While Machar sits in his bush hideout coordinating his rebellion’s positions on peace talks in the Ethiopian capital, Addis Ababa, and trying to force Kiir into concessions, members of the White Army have more basic desires. They’re fired by reports of widespread killings of Nuer after Kiir, an ethnic Dinka, accused Machar of attempting a coup d’etat in December. New York-based Human Rights Watch said in January that as many as 300 Nuer were massacred on Dec. 16 in Juba.
“We don’t fight against Salva Kiir because of food, we don’t fight against Salva Kiir because of water, we don’t fight because of oil,” Dak Chany, a 37-year-old father of two who has horizontal scars on his forehead that were part of his initiation into adulthood, said in an interview on March 26 in Nasir, about 190 kilometers (118 miles) east of Malakal. “We fight against him because he killed our brothers, fathers, mothers.”

Militia Violence

The violence threw the world’s newest nation into civil war, killed thousands of people and forced at least 860,000 more to flee their homes, according to the United Nations. China National Petroleum Corp., India’s Oil & Natural Gas Corp. (ONGC) and Petroliam Nasional Bhd., the main producers of South Sudan’s oil, evacuated employees because of the fighting.
The country, which gained independence from Sudan in July 2011, is producing about 160,000 barrels per day of oil from fields in Upper Nile, according to the government. The state produces Dar Blend, a low-sulfur crude prized by Japanese buyers as a cleaner-burning fuel for power plants.
Even before the national crisis exploded, Nuer militias and fighters from the Murle group in Jonglei state carried out massacres of each other’s civilians in a battle over cattle and land rights, according to the UN.

Control ‘Difficult’

The White Army is “definitely difficult to control, their discipline is wanting,” Machar, 60, said in a March 27 interview, sitting on an office chair next to a table with his satellite phone, a tablet and a book on failed states in the shade of a tree alive with weaver birds. “We hope we will improve on that with time.”
White Army leaders and Machar have different objectives, said John Young, author of The Fate of Sudan: The Origins and Consequences of a Flawed Peace Process. Machar wants to be a national rather than ethnic leader, and attacking the oil fields in Upper Nile state is part of his strategy to cripple Kiir’s sources of revenue and win concessions, he said.
“He understands that you have to make compromises,” Young said in a March 30 interview by phone from Vancouver. “His military commanders don’t look at the world that way. They want revenge and they want the Nuer to assume a governing role in a post-Salva government. To try and balance those perspectives is going to be very difficult.”
The White Army fighters, who may number as many as 50,000, comprise the bulk of the insurgents in Upper Nile state, the only remaining oil-producing region in South Sudan after wells in neighboring Unity shutdown because of the conflict, said the rebel commander in the area, Major-General Gathoth Gatkuoth.

Target Killings

Underdevelopment, corruption and the targeted killings are the reasons for the Nuer rebellion, rather than Machar’s “democratic war” against Kiir, he said in an interview in Nasir on March 27.
“You can disagree with anybody rivaling you,” Gatkuoth said. “But you cannot kill one tribe.”
The White Army emerged in the early 1990s when Machar and Lam Akol, who’s from the Shilluk ethnic group, split from John Garang, the former leader of the Sudan People’s Liberation Movement who died in a helicopter crash in 2005. The SPLM has ruled South Sudan since independence.
The White Army’s name derives from the practice of Nuer cattle herders smearing themselves with pale ash to ward off insects.

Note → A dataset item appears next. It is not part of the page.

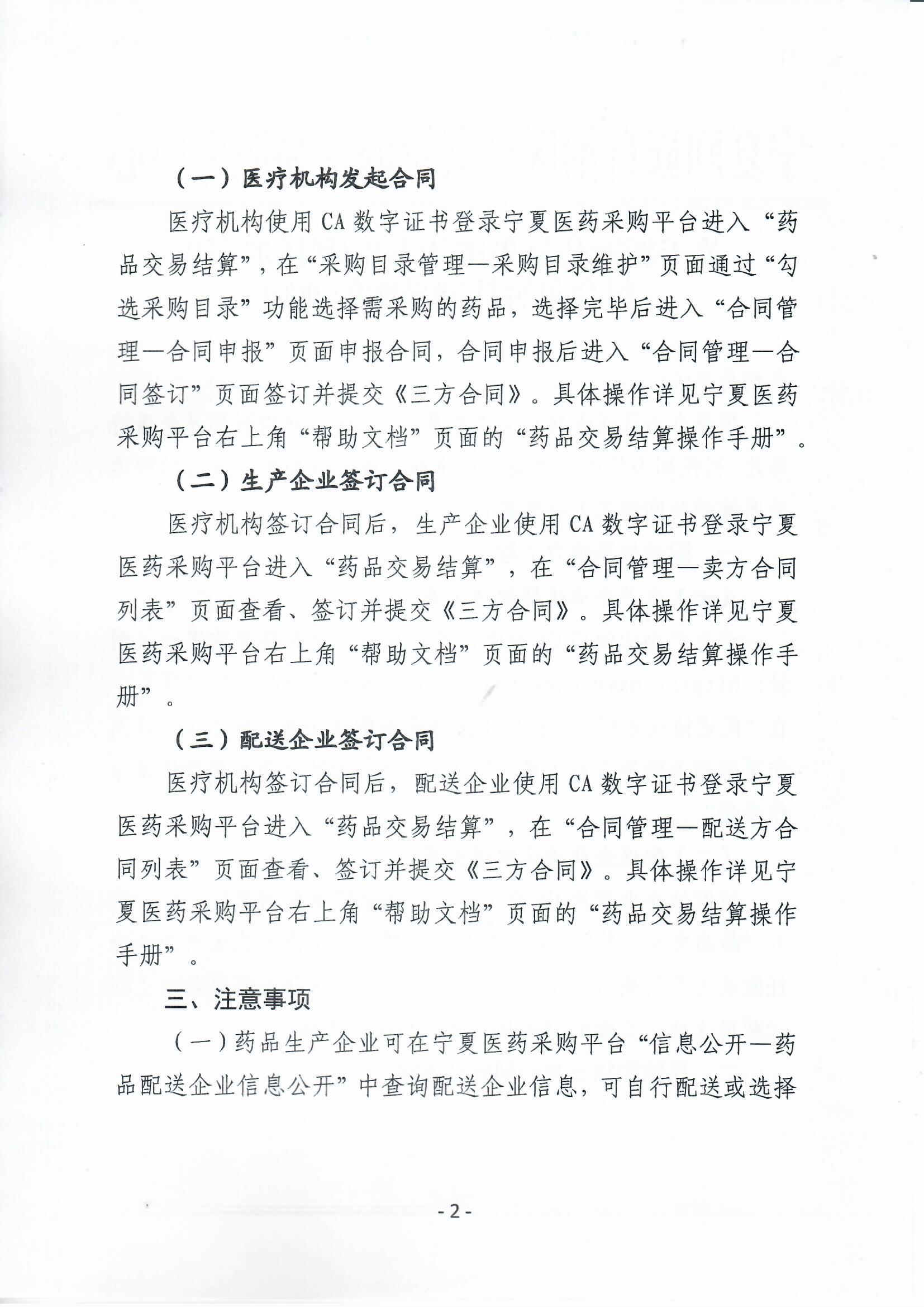 医疗机构签订合同后,生产企业使用CA数字证书登录宁夏医药采购平台进入“药品交易结算”,在“合同管理一卖方合同列表"页面查看、签订并提交《三方合同》。具体操作详见宁夏医药采购平台右上角“帮助文档”页面的“药品交易结算操作手册”。

Gun-toting White Army fighters are rarely out of sight in Nasir, where American hip-hop music pumping out of aging speakers as young men in knock-off soccer shirts hang out on the side of its dirt roads. Others sit in the shade of wooden shacks drinking sweet tea served by women in headscarves.
Piles of Nyala cigarettes from Ethiopia reveal a trickle of trade with the Horn of Africa nation, whose border lies 30 kilometers away along the Sobat River.
Some gunmen ride around in a handful of scarred Toyota pick-up trucks. After dusk on the town’s periphery, howling dogs and the roar of a generator from a UN compound are punctuated by air-shots from exuberant militiamen.
Gatkuoth said his brief visit to Nasir from the front line is to mobilize the fighters for the offensive. They’ll have to advance on foot because the insurgents “don’t have any money” for the rebellion, he said.
“The rest who are here should follow us instead of play here,” he said. “We are just depending on the local resources of our people.”
Rachel Nyachop, 47, said she came from Malakal and is in Nasir looking for food. She’s lost three sons in this war, which she is adamant should continue.
“The war will not be stopped until we kill all Dinka, including the children,” she said.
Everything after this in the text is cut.